Submitted by spiritualquestions t3_10ha8gp in MachineLearning
I am beginning a problem similar to the one bellow for my work.
There is a score 1-4 (1 is bad, 4 is very good) of a persons back sprain recovery. The data we have are back sprain recovery scores recorded after two weeks, 3 months and 6 months, along with information (features) about their behavior like sleep, medications, diet, and exercise.
We want to predict there 2 week, 3 month, and 6 month back sprain recovery scores based on their initial behavior inputs. For example, given a user sleeps 8 hours a day, consumes x amount of sugar, does physical therapy 4 days a week, and takes x medication, what will there recovery scores be at 2 weeks, 3 months and 6 months?
The training data would look like:
​
Sleep Average | Medication | Days of Physical Therapy | Diet | Week 2 recovery score | Month 3 recovery score | Month 6 recovery score |
---|---|---|---|---|---|---|
9 hours per night | Advil | 4 days/ week | Healthy | 2 | 3 | 4 |
5 hours per night | None | 0 days/week | Unhealthy | 1 | 2 | 2 |
​
I want a model (or multiple models) to predict 3 values which is the 2 week, 3 month, and 6 month scores. I am not familiar with time series, but it seems like the data may be too sparse.

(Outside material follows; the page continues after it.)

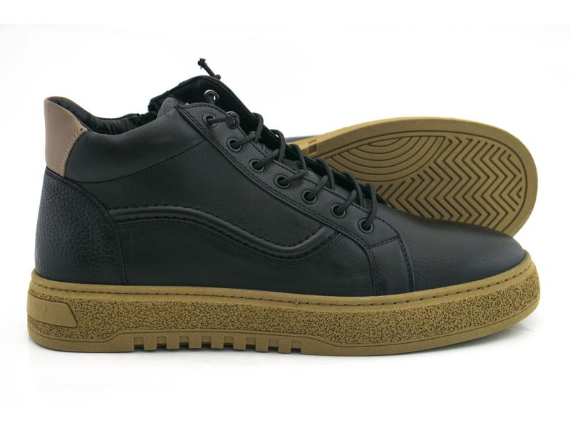 Мужские зимние спортивные ботинки из гладкой натуральной кожи. Обувь утеплена мехом, на змейке и со шнуровкой, в черном цвете. Украина, кожа, черный, зима, мех

Should I be using time series here, or should I create 3 classification models?
suflaj t1_j57ce83 wrote
This looks like something for XGBoost. In that case you're looking at the
XGBRegressor
class.Your X are the first 4 features, your Y are the 3 outputs. You will need to convert the medication to a one-hot vector representation, and the diet will presumably be enumerated into whole numbers sorted by healthiness.